Interminable land

The first two weeks of September were a strenuous time for the battalion. The 9th Devons were out of the line and were often kept on the move in daytime. When they stopped, their nights were taken up with working parties at the front, digging new trenches, building parapets and filling sandbags, often in pouring rain. In late August British High Command had finally agreed to the full-scale offensive the French demanded and the whole area was buzzing with preparations. Noel Hodgson told his sister that often he was so exhausted that he fell asleep walking along, and he depended on Jones, his servant, who always managed to find straw for him to collapse on at the end of the march and hot water for shaving when he woke.

But he was writing. Nowell Oxland’s death had crystallized a change that was already becoming apparent in Hodgson as he saw the war at first hand. He was looking to prose as well as poetry to pass on the experience and his writing was taking on a new sense of urgency, born of the unspoken knowledge that like his friend, he might not have long to live. He told his sister that he was going to send her some articles on life in the company mess, which he hoped she might be able to sell. He seemed hesitant, unsure whether the time was really right for this, yet still determined to try.

The two ‘Company Mess’ articles were not published, though almost all of his subsequent trench prose was, and was very well received. Perhaps these first articles contained too little war for the home market. In the first, six young officers – including Hodgson himself, thinly disguised as ‘Smiler’, the Grenade Officer  –  return to the mess in the evening to open their post, talk over the events of the day and grumble about brigade orders. In the second, the company has just come out of the trenches and four of them snatch a few hours out in the countryside, collapsing on the grass and remembering the summer before the war, and what they might have might have been doing if there had been no call to arms.

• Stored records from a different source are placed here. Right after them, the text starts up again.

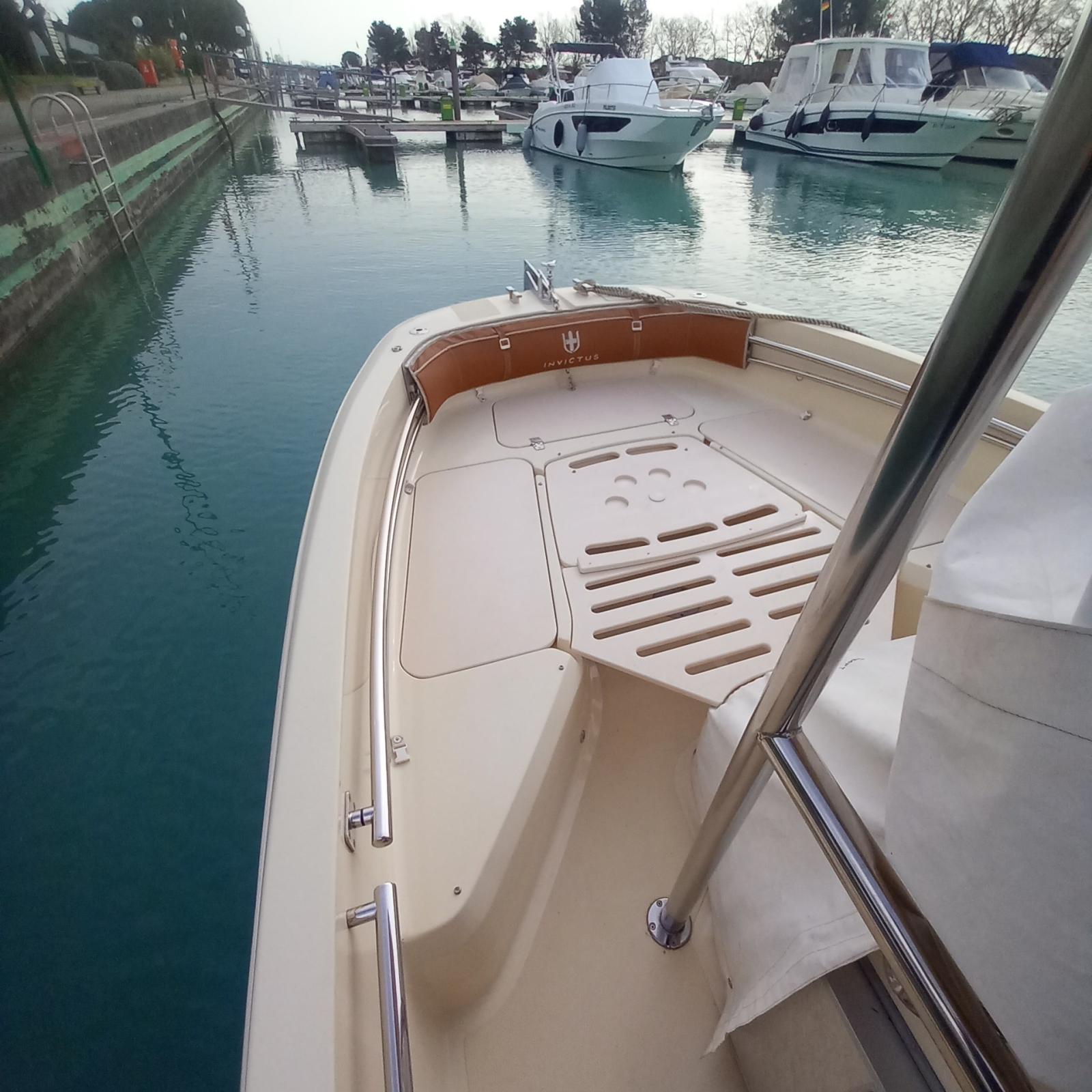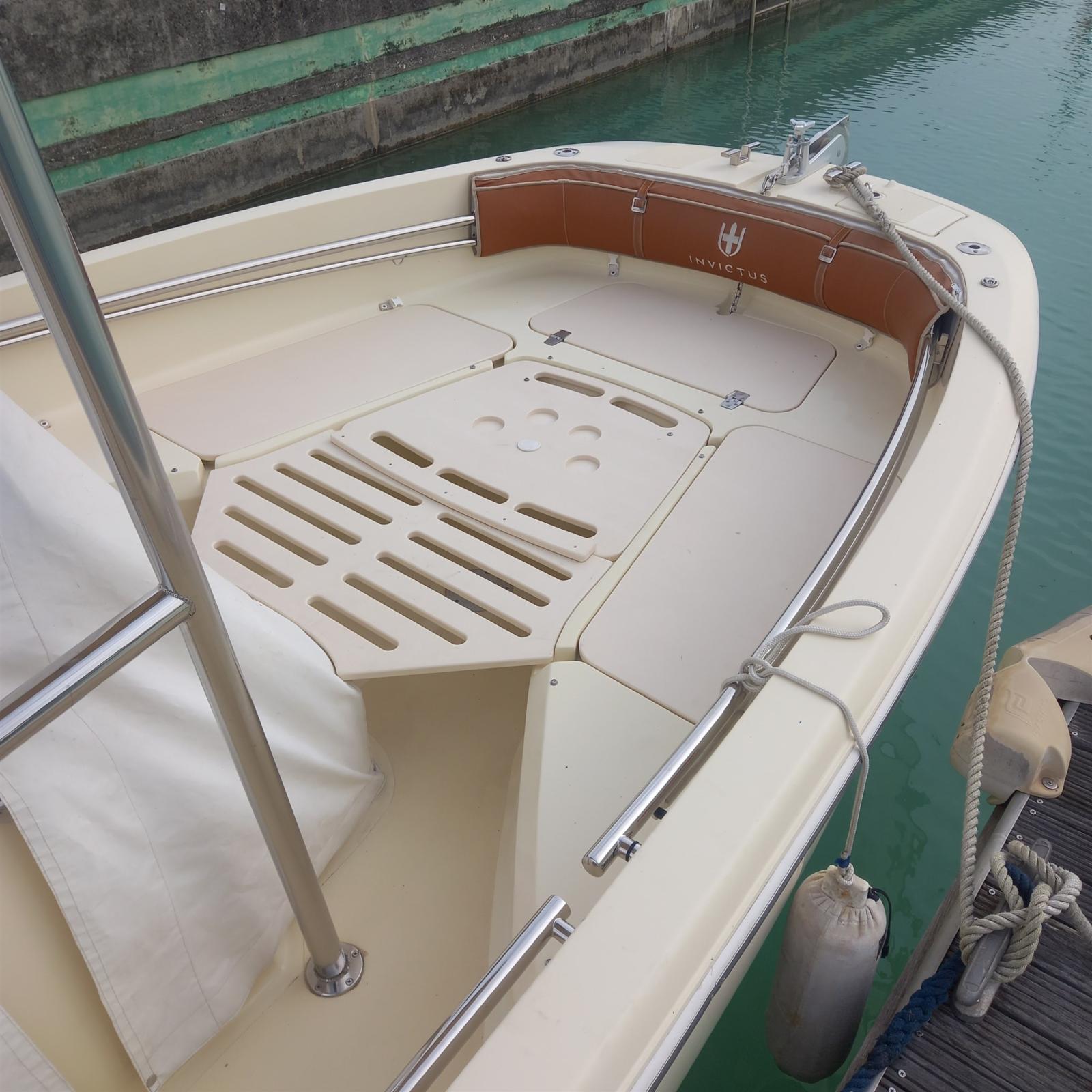 Eau sous pression, Douche de cockpit, Éclairage de courtoisie, Spots sous-marins, Plateforme arrière, Pompe de cale automatique, Prise de quai, Guindeau électrique, Echelle de bain, table de cockpit, Corne, T-Top.
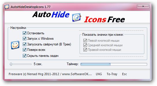 AutoHideDesktopIcons - небольшая и простая в использовании утилита, позволяющая скрывать и отображать иконки на рабочем столе с помощью жестов мыши - клика одной из кнопок по любому свободному месту рабочего стола. Кроме этого, в AutoHideDesktopIcons имеется возможность автоматического скрытия/показа панели задач и иконок, находящихся на рабочем столе, по таймеру.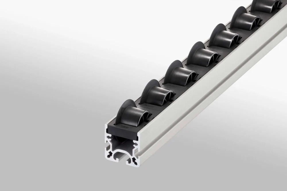Please take into account the modular dimension of the roller elements and inserts being used when cutting the Castor Rail to size. A gap at the start or end of the Roller Conveyor can be filled with Castor Rail 8 40x40 Slide Strip ESD (0.0.622.26).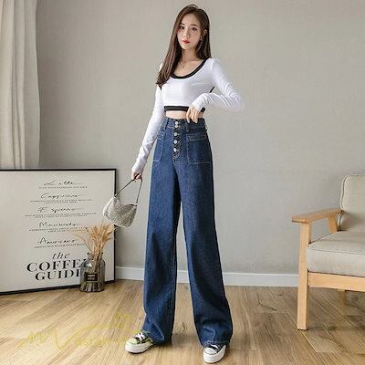 メガ割 3日で出荷デニムパンツ レディース ガウチョパンツ ジーパン ワイドパンツ ハイウエス ト ロングパンツ カジ2316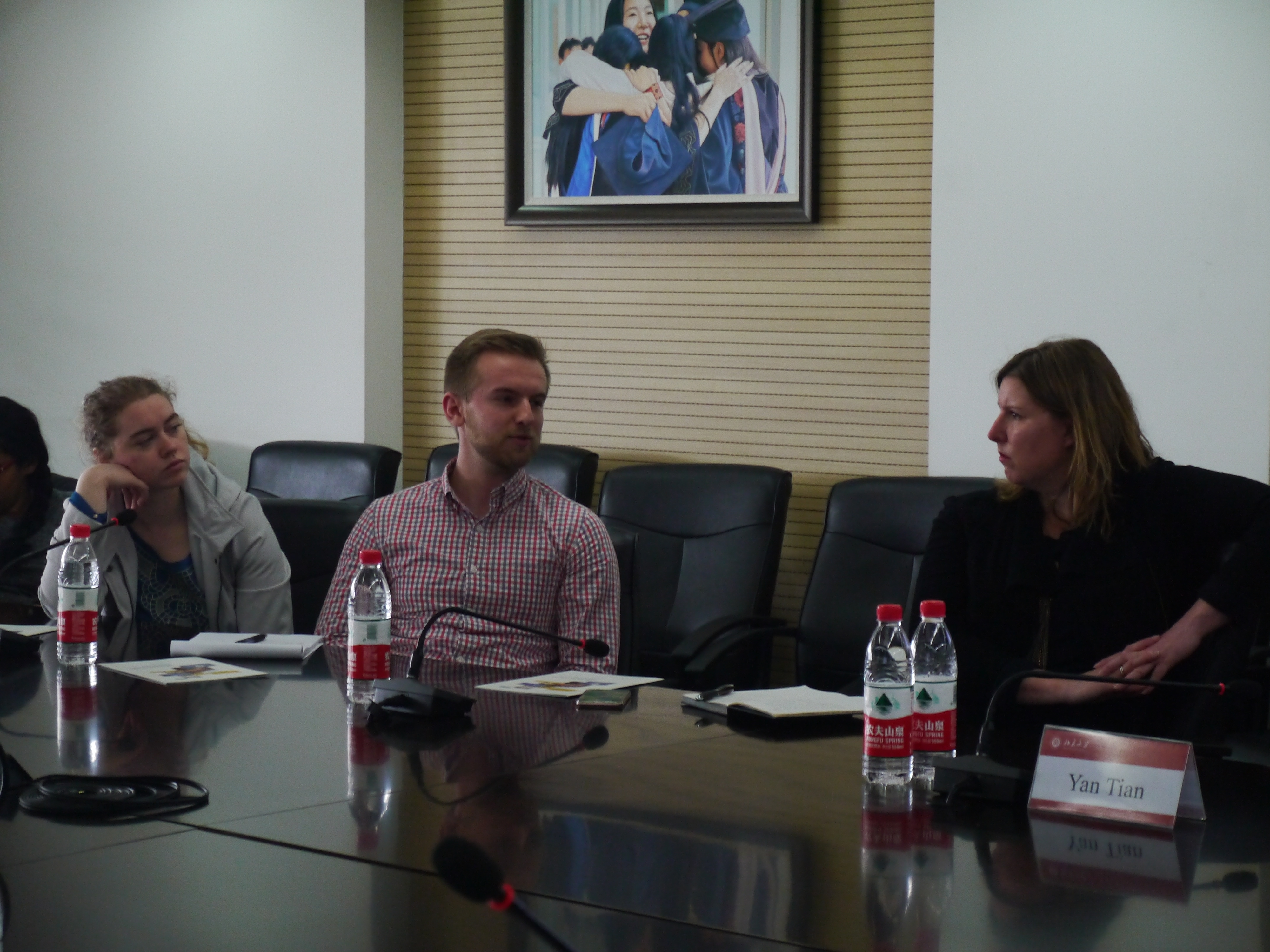 交流伊始,经理助理、对外事务办公室主任李媛媛老师代表北大英国威廉希尔英文官网向他们致以欢迎。芝大代表团的员工都对中国事务和中美文化差异等问题饶有兴趣,在陈若英老师和阎天老师的邀请下,他们打开了思维的闸门,一个个既直击现实又不失深度的问题相继抛出。这其中既包括他们对于中国政治体制建构、中美法治进程差异等问题的概括性见地,也包括他们对于热点法律问题的关注,还包括他们对于大数据和全球化时代如何保护个人隐私等问题的看法……大家的问题包罗万象,陈若英老师和阎天老师亦知无不言。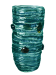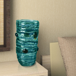 Our Canyon Rock Series of vases and bowls will be a peaceful addition to your lovely home. Each piece starts with clear art glass into which our artisans have infused an airy shade of aquamarine blue. Art glass “jewels” in warm golden amber provide an extra element of color and texture to each piece. The overall effect of the soothing blues and warm amber is a well balanced piece that will accentuate any decor. This tall cylinder vase is the perfect size to showcase your favorite spring flowers, but is also stunningly beautiful when displayed alone. Each item is hand crafted using Favrile Art Glass, which embeds the color within the glass. This process ensures no one piece is exactly like another and your Canyon Rock item is a one of a kind work of art that does double duty as a functional vessel for your favorite flower or decorative item.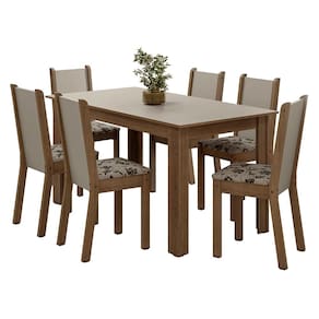 As cadeiras possuem assento com estampa floral em tons de bege e marrom, um detalhe que acrescenta charme e personalidade ao ambiente.

Folded with the second article there was also part of a poem, a work in progress with the words ‘to be continued – WNH’ scrawled down one side. In the complete version which Noel’s father later included in ‘Verse and Prose’ the four verses encapsulate the emotions of the first six weeks in France; his longing for Cumbria and the fells; his memories of Durham and school; the physical strain of his new existence in France and his grief for Oxland and his other friends.